W.A. installs first Tesla community battery in state’s Goldfields region

Minister for Energy Bill Johnston, Regional Development Minister Alannah MacTiernan, Western Power CEO Ed Kalajzic and Mining and Pastoral Region MLC Kyle McGinn with the Tesla battery bound for Kalgoorlie-Boulder. Source: Western Power


Western Power has installed a grid-connected Tesla battery PowerBank in Western Australia’s Kalgoorlie-Bolder community to support the uptake of more rooftop solar the state’s Goldfields region and the help smooth its electricity supply.

The battery is the first of 10 being rolled out across a selection of towns and communities in the region over the course of 2020 as part of the Labor McGowan government’s Distributed Energy Resources Roadmap, unveiled in April after a year in the making.

The idea behind the community batteries is two-fold: to enable local homes and businesses in Kalgoorlie to install more rooftop solar and other grid-connected technologies; and for the benefit of the grid, to provide better power management and improve reliability.

As RenewEconomy has reported, W.A. has been among the leaders in Australia’s uptake of rooftop solar, with one in three of the state’s households generating their own renewable power and at times providing up 45 per cent of the state’s total demand.

The rapid accumulation of such a huge behind-the-meter solar resource – which is expected to expand further to one in two households – has particular implications for Western Australia, which exists as its own network, separate from the NEM.

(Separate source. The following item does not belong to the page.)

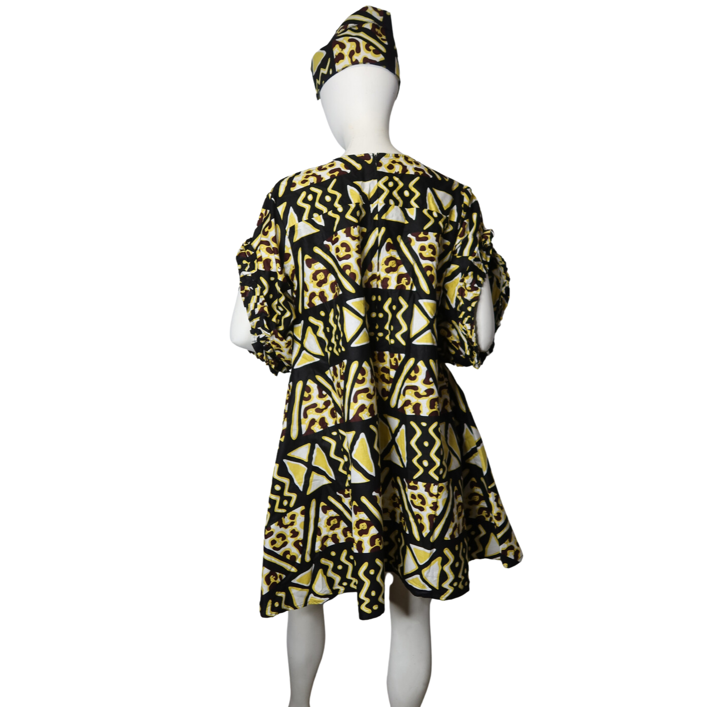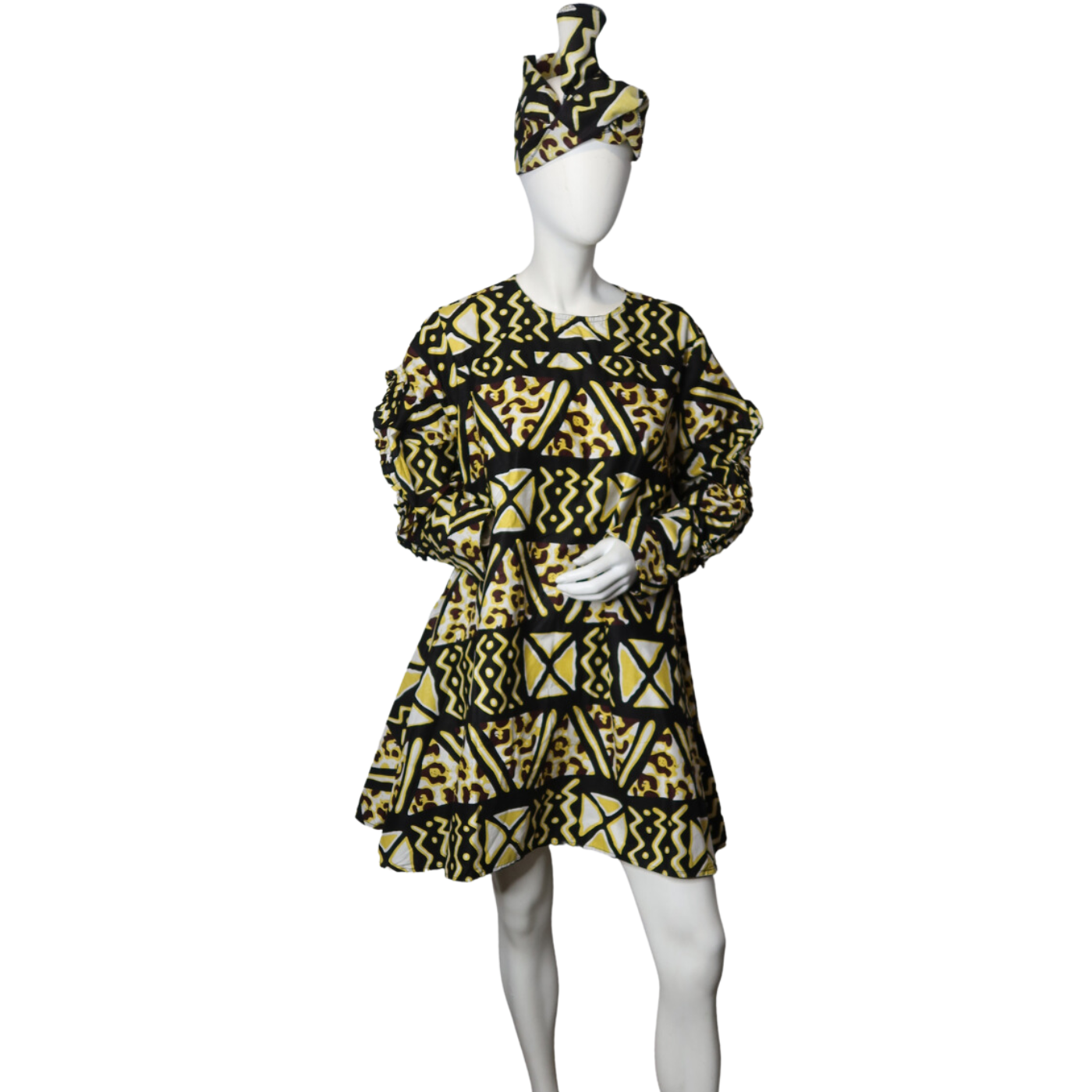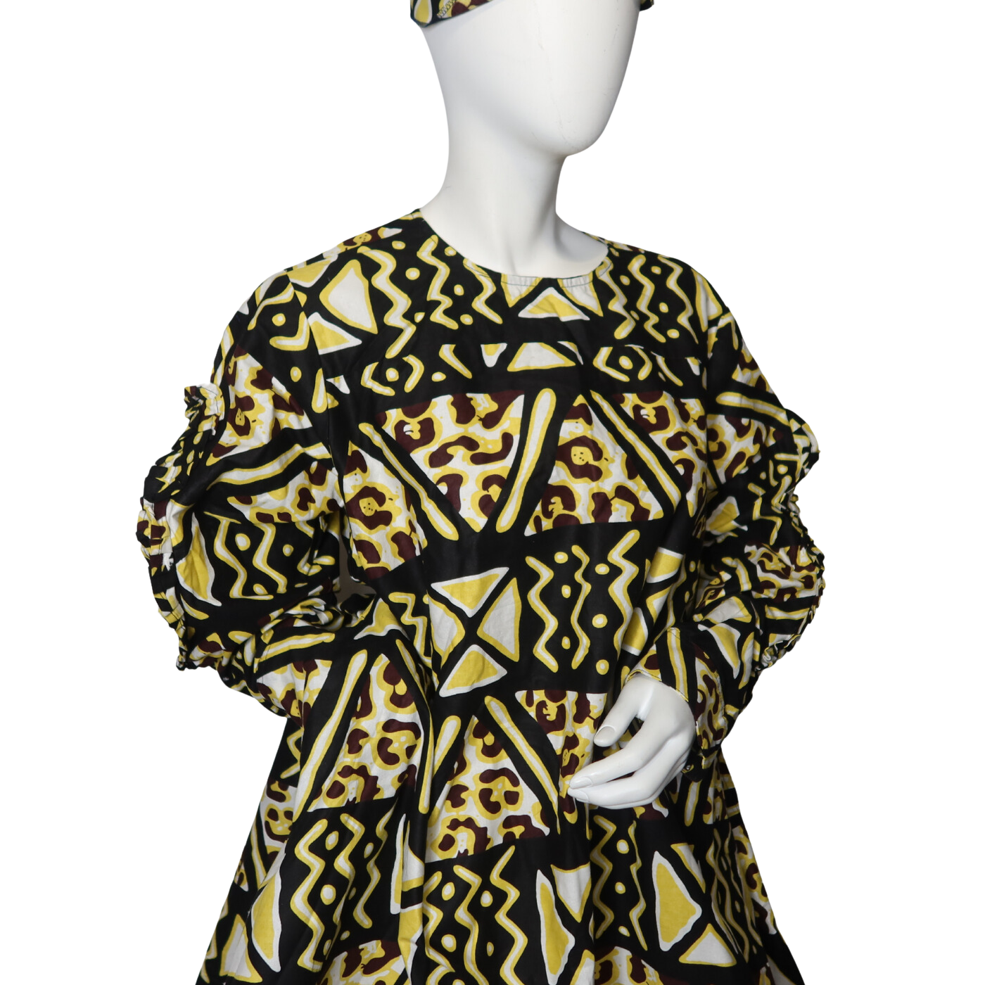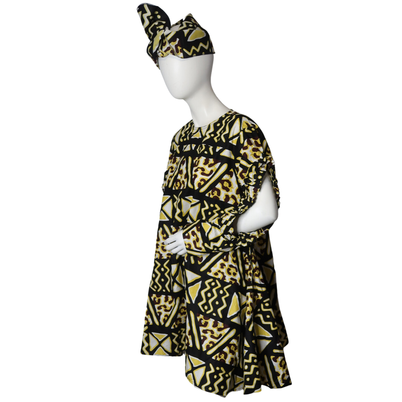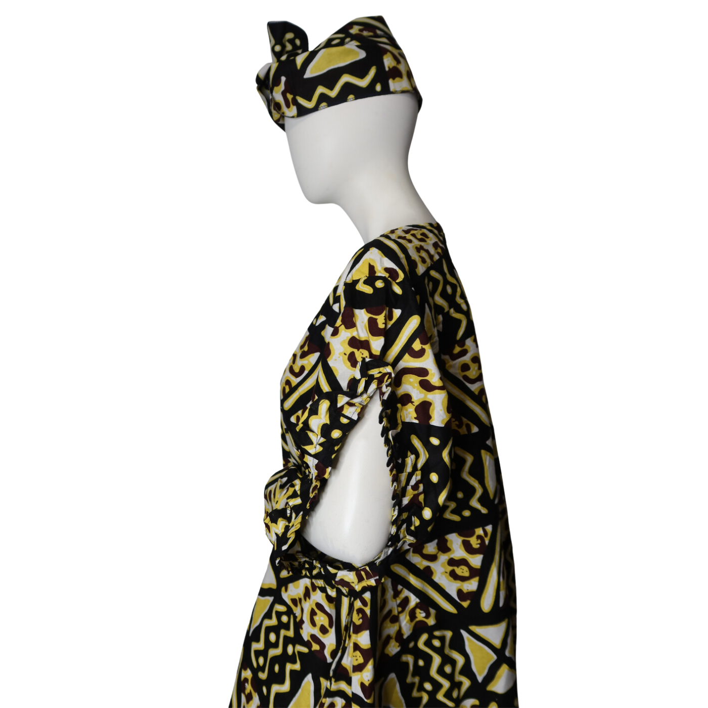 Step into bold elegance with the Tulip Cut dress. Featuring a striking arm cut-out and a matching head wrap, this daring ensemble commands attention while celebrating your confident style. Perfect for making a memorable statement at any event.

The question has been how to manage a distributed and largely uncontrolled and nearly invisible resource that will likely present a threat to grid stability without a proper integration plan.

The good news, as W.A. energy minister Bill Johnston told the recent Stimulus Summit, is that the state’s still publicly-owned gen-tailers and distribution network service providers can make their own decisions and “get on with it.”

“The only thing we would love is the ability to rely on someone else’s generation to balance our system, because we have to be 100 per cent self-reliant and we don’t have the ability to interconnect with anybody else,” Johnston said at during the Summit in the first week of May.

“So that means we have to solve our own problems. But at least we’re allowed to solve our own problems.”

The installation of community batteries is one of the key ways the government is getting on with it.

In the case of the Kalgoorlie-Bolder PowerBank, Synergy will recruit 50 eligible local customers via a partnership with Western Power, who will then be able to virtually store up to 8kWh a day of excess rooftop generation.

This allows those homes to draw electricity back from the PowerBank during the afternoon and evening peak – when their solar systems stop generating – without having stump up thousands of dollars for their own behind-the-meter battery storage system.

At the same time, their solar will be made visible to the network owners and operator, making it easier to manage daytime and peak-time load periods.

“The community battery program is another example of the McGowan Government creating a cleaner, greener energy future for Western Australians,” Johnston said in a statement this week.

“This exciting project demonstrates the growing number of opportunities for integrating batteries into an established network and highlights another aspect of the government’s Future Battery Industry Strategy at work.

“Thank you to Western Power and Synergy who continue to deliver innovative and important projects during the COVID-19 pandemic.”

Beyond Kalgoorlie-Bolder, community batteries are also planned for installation in Canning Vale, Dunsborough, Ellenbrook, Leda, Parmelia, Port Kennedy, Singleton, Two Rocks, and Wanneroo – by the end of the year.